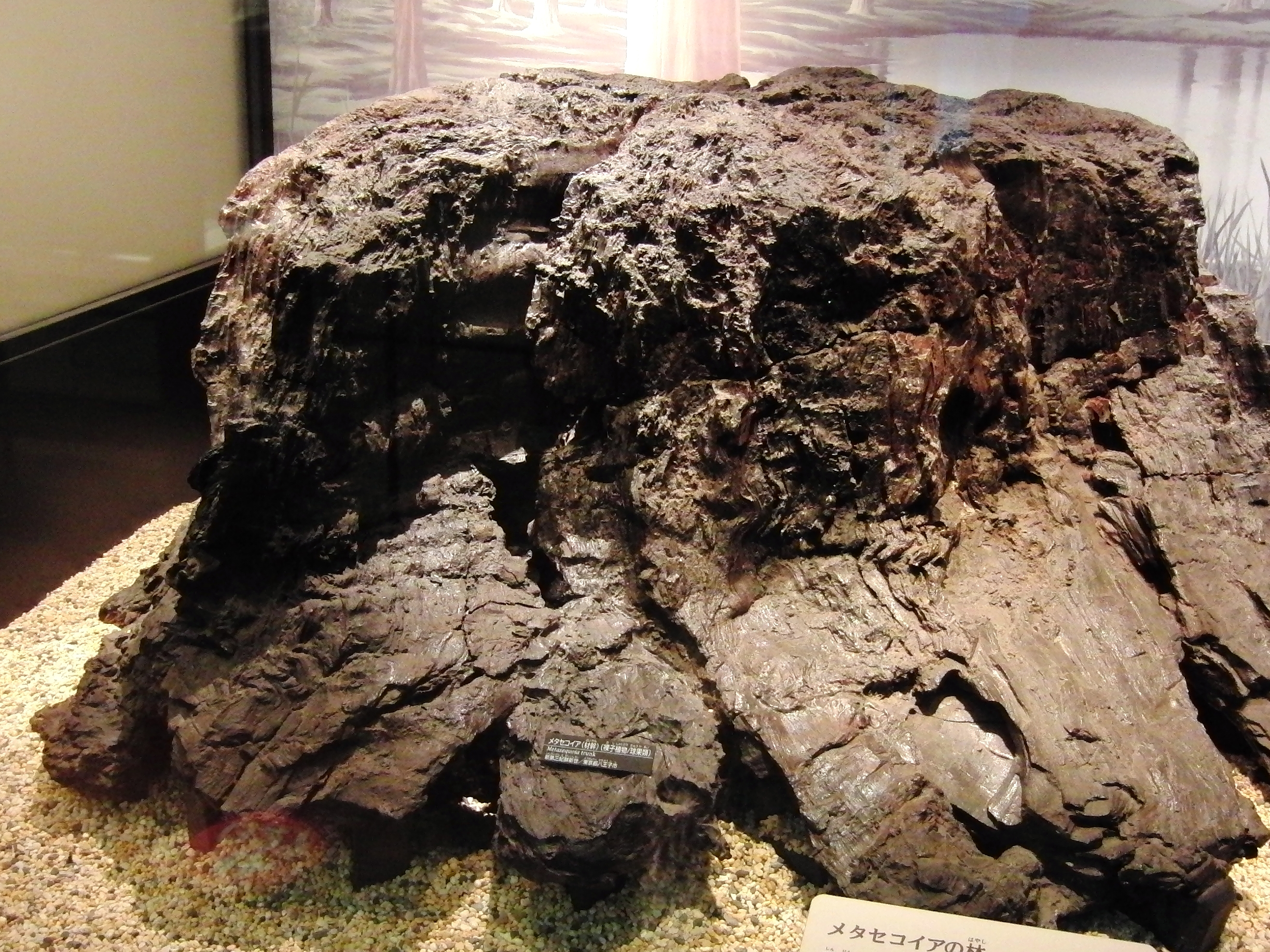 Fossil of Metasequoia trunk from Asa River, Hachioji, Tokyo, Japan. Pliocene. Exhibit in the National Museum of Nature and Science, Tokyo, Japan.
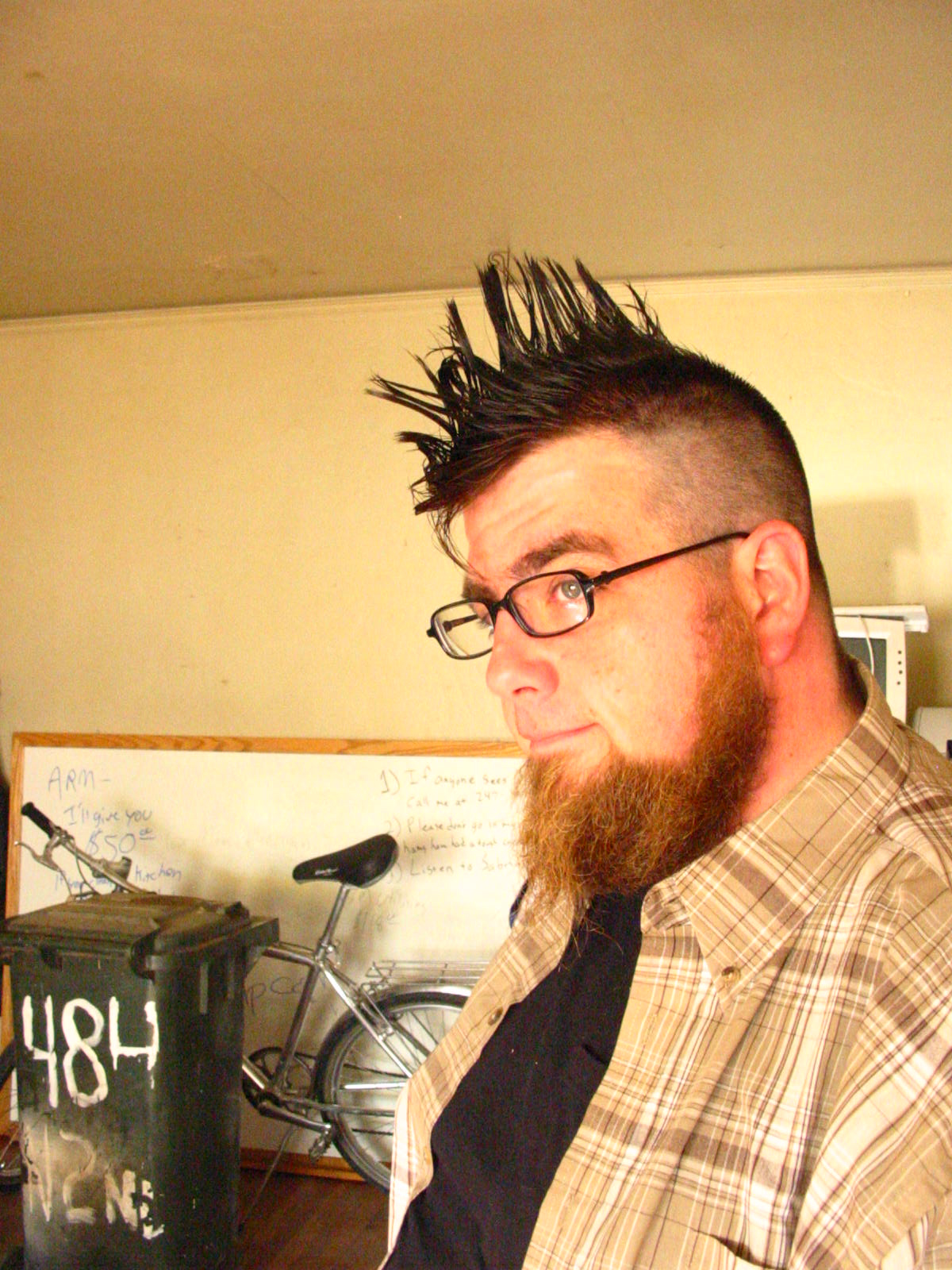 Self portrait of slam poet Mighty Mike McGee with mohawk, taken at home in San Jose, California
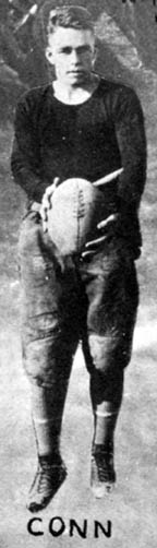 Promotional photo of Oregon State player coach George Tuffy Conn
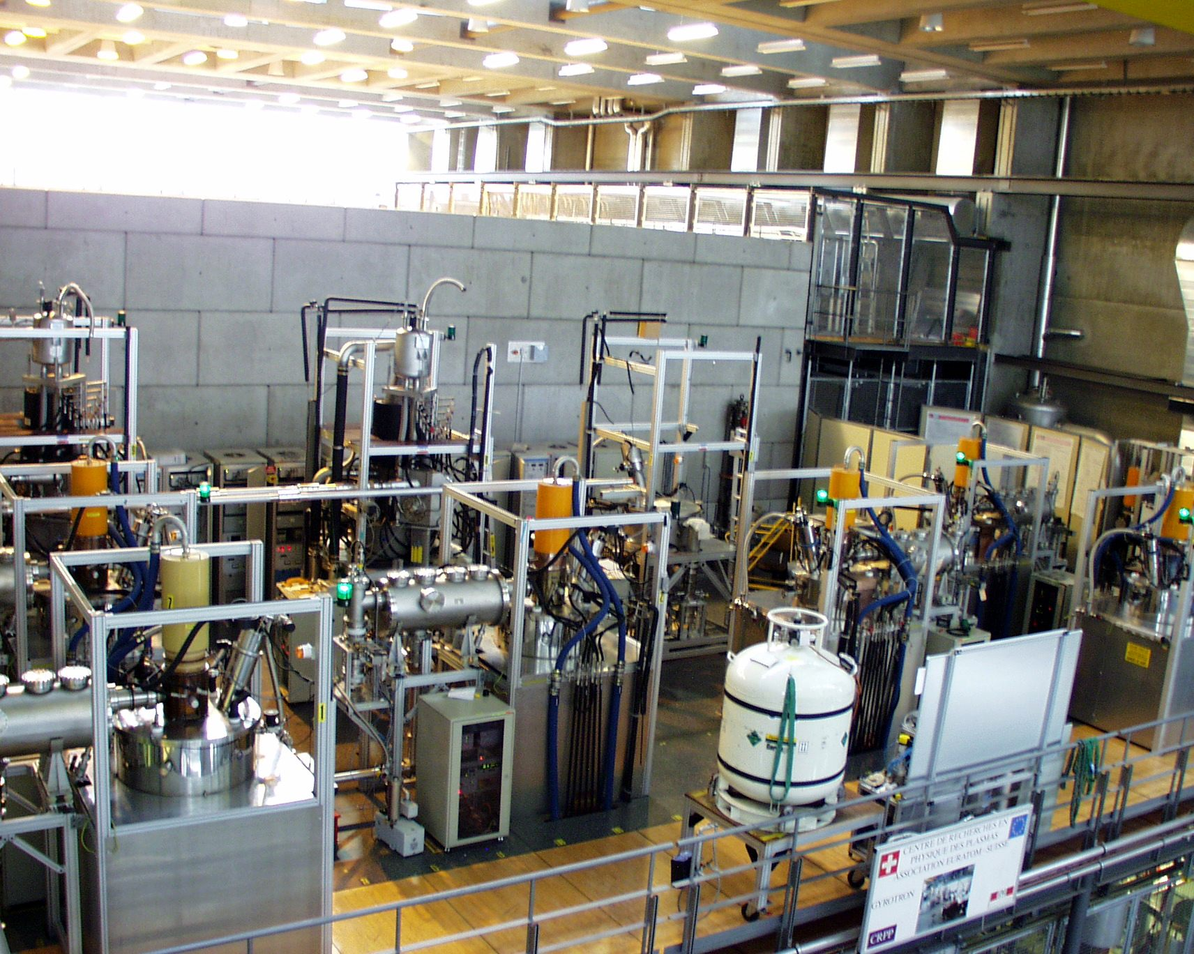 Set of millimeter wave (84 GHz and 118 GHz) gyrotron tubes for plasma heating by electronic cyclotronic waves at Tokamak à Configuration Variable (TCV) an experimental tokamak fusion reactor at École polytechnique fédérale de Lausanne, Lausanne, Switzerland which has been used in research since it was built in 1992. Courtesy of CRPP-EPFL, Association Suisse-Euratom
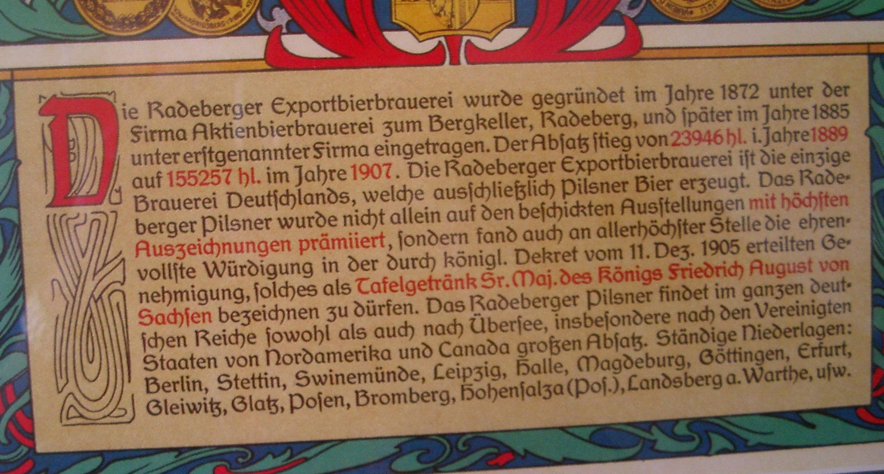 Advertisement text of East German Radeberger Brewery. Script similar to Rotunda. Picture taken in "Zur Quelle", Kastanienstraße, Schwerborn near Erfurt 2005.
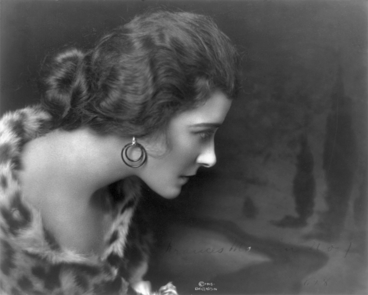 Portrait photograph of Frances Marion
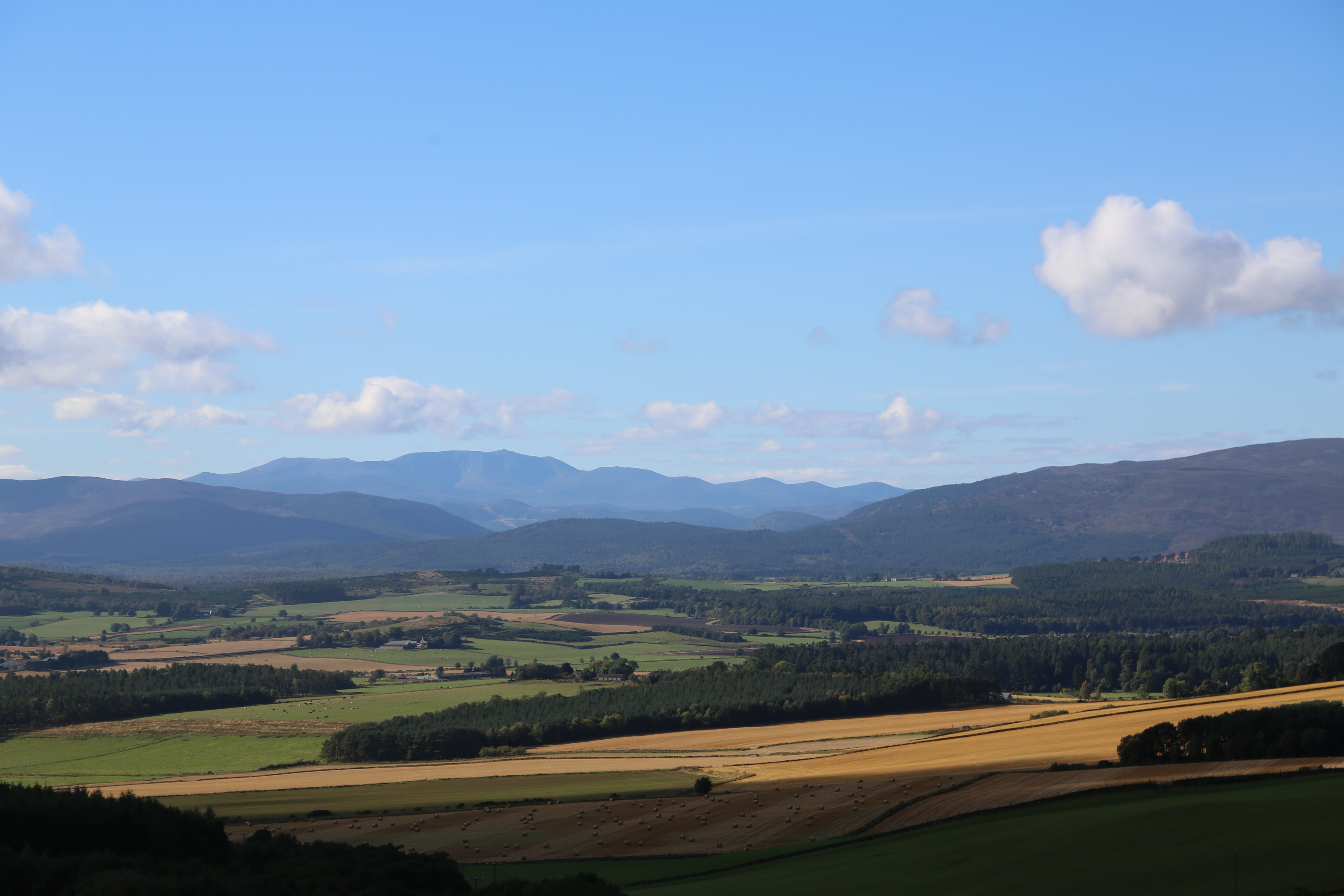 Howe of Cromar from queen's view
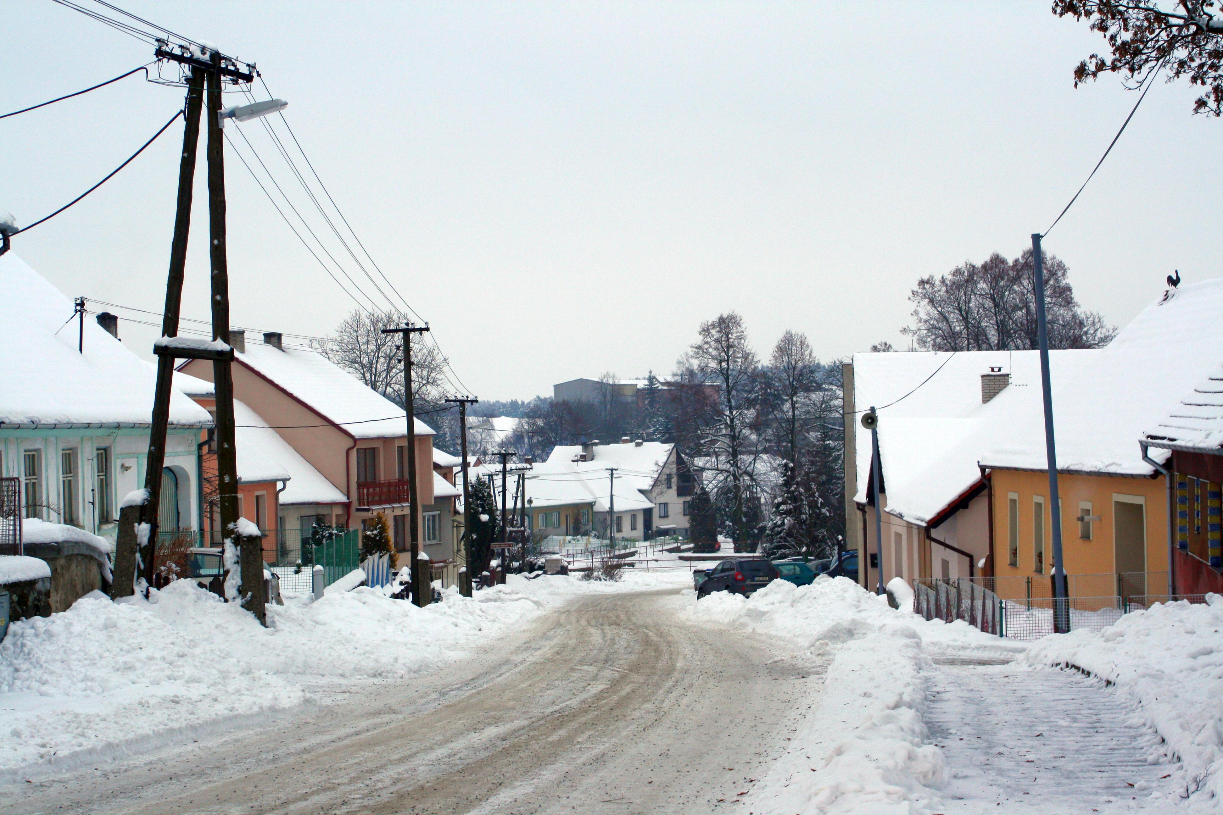 Center of Hodov, Czech Republic.
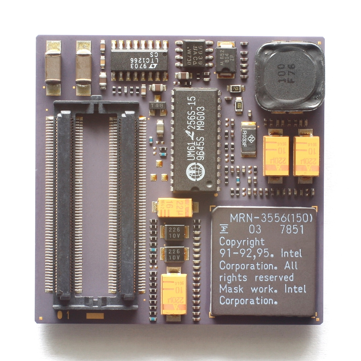 CPU Fujitsu Mobile Pentium 150 MHz
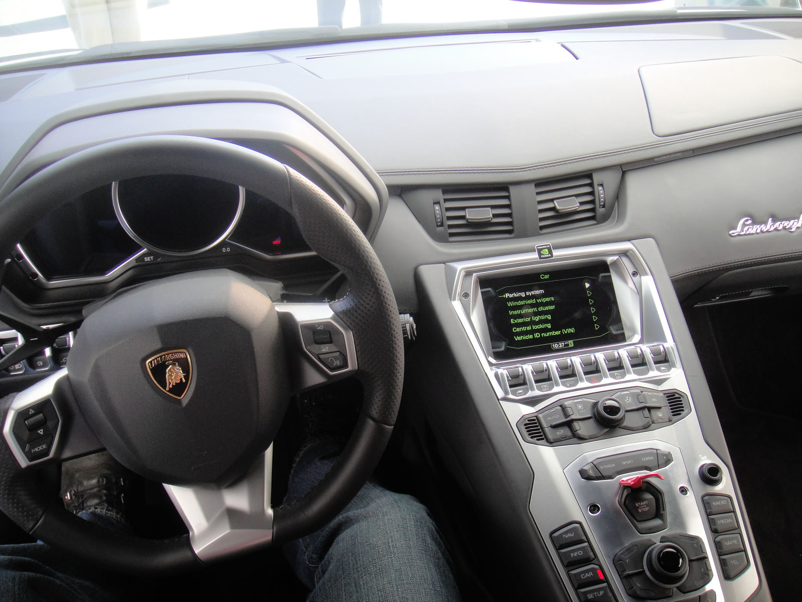 photo 2012 Pop Culture Geek taken by Doug Kline If you're interested in higher resolution versions of my images, contact me via my profile page.
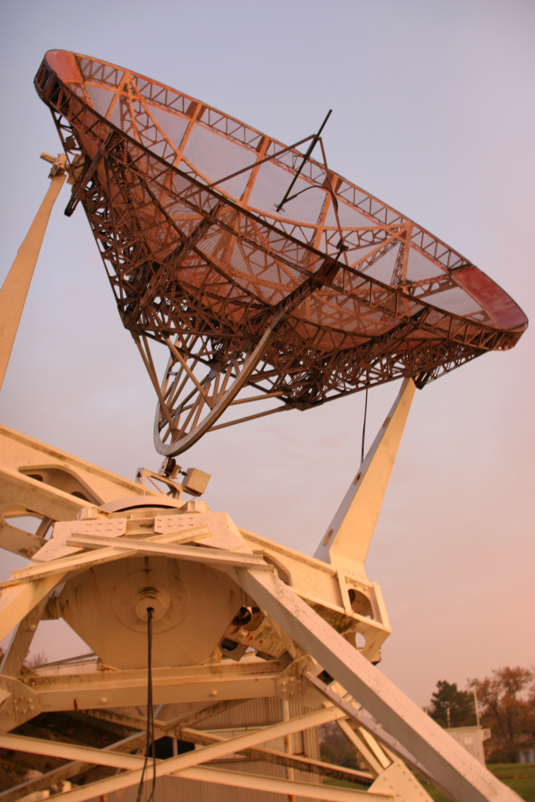 Würzburg radar converted to a radioteslecope after the war, at the Bordeaux observatory. Copyright © 2006 Med

--- --- ---

Your instructions >> Your task is to retype the listing exactly, without its pictures.

Result below >>
 Fossil of Metasequoia trunk from Asa River, Hachioji, Tokyo, Japan. Pliocene. Exhibit in the National Museum of Nature and Science, Tokyo, Japan.
 Self portrait of slam poet Mighty Mike McGee with mohawk, taken at home in San Jose, California
 Promotional photo of Oregon State player coach George Tuffy Conn
 Set of millimeter wave (84 GHz and 118 GHz) gyrotron tubes for plasma heating by electronic cyclotronic waves at Tokamak à Configuration Variable (TCV) an experimental tokamak fusion reactor at École polytechnique fédérale de Lausanne, Lausanne, Switzerland which has been used in research since it was built in 1992. Courtesy of CRPP-EPFL, Association Suisse-Euratom
 Advertisement text of East German Radeberger Brewery. Script similar to Rotunda. Picture taken in "Zur Quelle", Kastanienstraße, Schwerborn near Erfurt 2005.
 Portrait photograph of Frances Marion
 Howe of Cromar from queen's view
 Center of Hodov, Czech Republic.
 CPU Fujitsu Mobile Pentium 150 MHz
 photo 2012 Pop Culture Geek taken by Doug Kline If you're interested in higher resolution versions of my images, contact me via my profile page.
 Würzburg radar converted to a radioteslecope after the war, at the Bordeaux observatory. Copyright © 2006 Med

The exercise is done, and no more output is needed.